Monsoon Is Here But That's Hardly A Good News For Water-Stressed Delhi

Sudha Sinha, 54, and her family shifted to Dwarka in 1998 because they wanted greener surroundings and to be closer to Indian capital’s airport.

But they soon found out that the neighbourhood didn’t have piped water. Instead they had to use groundwater pumped up by a borewell for use as drinking water, for bathing and other everyday purposes.

Over the years, as more people moved to Dwarka, residents and builders dug hundreds of borewells, some as deep as 60m (196ft) to meet the growing demand for water.

The stress of living in a Himalayan town in India that is sinking
“Apartments, markets, and schools grew like weeds, and everyone used groundwater,” says Ms. Sinha.

The land sinks when groundwater is pumped out, which is called land subsidence. Several studies showed that the same was happening in Dwarka.

A government report said that Dwarka’s land was sinking because groundwater was being used up. A University of Cambridge report corroborated that the neighbourhood had subsided by around 3.5cm (1.4in) in 2014 alone.

Residents and the government took strong steps to stop taking water from the ground and using it.

The government started giving the people piped water so that borewells could be shut down. Buildings that were still using borewells were given heavy fines, and people started collecting rainwater to raise the water table in the area.

Shagun Garg, a researcher who used satellites to look at groundwater levels in Delhi, said that while some parts of the city and its suburbs were sinking, Dwarka “quite remarkably” showed upliftment, which is when parts of the Earth’s surface rise.

When Dwarka’s overused borewells started to dry up, the government of Delhi sent water to the area in tankers.

The city that sinks the fastest in the world
But there wasn’t enough water and it was expensive. In 2004, Ms. Sinha and other locals took to the streets to protest and ask for piped water. They signed petitions, went on marches, and threatened to skip local elections if their demand wasn’t met.

Since the middle of the 2000s, the government had been working on a plan to bring piped water to Dwarka. By 2011, every apartment building had piped water.

How a Delhi district stopped the ground from sinking - BBC News

By 2016, almost no housing societies were still using borewells, and a lot less water came from the ground.

Experts say that restoring two lakes that cover more than 100 acres helped the groundwater table rise from 20 metres to 16 metres in some places.

The government also said that only sewage and treated surface water could be used to water thousands of acres of public parks and grounds.

Residents also worked together to fix up a 200-year-old reservoir called “Naya Jhod” so that more groundwater could be taken from it. The lake was almost dry, so people cleared it of weeds and silt so that when it rained, the water could soak in better.

Experts say that collecting rainwater is a good way to add water to the ground, especially in dry cities like Delhi, which gets little rain and has a lot of soft alluvial soil that sinks easily.

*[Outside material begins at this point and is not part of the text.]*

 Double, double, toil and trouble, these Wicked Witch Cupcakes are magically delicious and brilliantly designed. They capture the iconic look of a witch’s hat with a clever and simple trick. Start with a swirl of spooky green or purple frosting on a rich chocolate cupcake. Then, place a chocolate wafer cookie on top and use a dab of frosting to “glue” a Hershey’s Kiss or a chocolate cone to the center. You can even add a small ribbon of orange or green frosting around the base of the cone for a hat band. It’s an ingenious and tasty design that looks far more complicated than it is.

India’s water crisis can be solved in both high-tech and low-tech ways.
Researchers from the University of Cambridge and IIT Bombay recently used satellite images to find that about 100 square kilometres (38 square miles) of the capital were slowly sinking, mostly because too much groundwater was being taken out.

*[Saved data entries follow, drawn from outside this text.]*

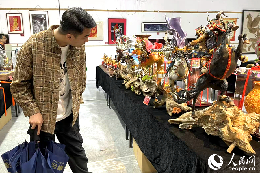 工艺美术爱好者观赏参展作品。人民网记者 林盈摄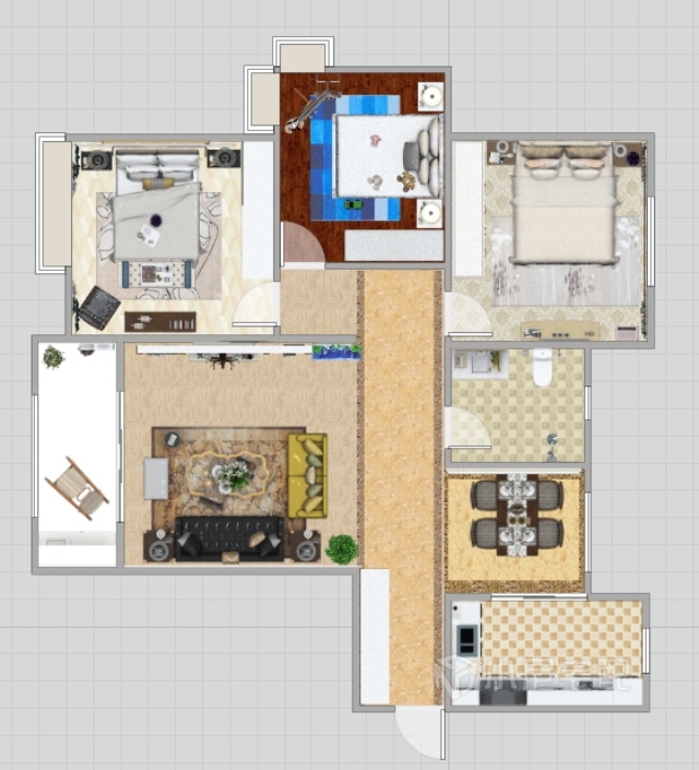 本案例為美式田園風(fēng)格,營造最適合居住的環(huán)境,給人以放松和溫馨的感覺。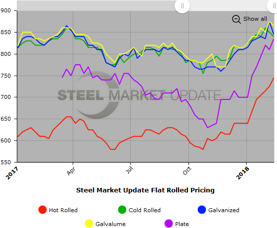 SMU Note: Below is a graphic showing our hot rolled, cold rolled, galvanized, Galvalume, and plate price history. This data is available here on our website with our interactive pricing tool. Note that plate prices are not yet available on our website, but we are in the process of adding that dataset. If you need help navigating the website or need to know your login information, contact us at info@SteelMarketUpdate.com or 800-432-3475.

Vikas Kanojia, a town planner, says that bringing old reservoirs back to life and collecting rainwater helped Dwarka depend less on groundwater and stop the sinking of the land.

“Other places in Delhi and India can learn from this,” he says.

India gets more water out of the ground than the US and China combined because its economy is based on farming.

Jagdish Krishnaswamy of the Indian Institute for Human Settlements says, “The rate at which groundwater is being pumped out of India is more than double the rate at which it is being refilled by rain.”

Written by Pawan Kumar

Pawan is blogger and writer, he has been writing for several top news channels since a decade. His blogs & notions have quality contents.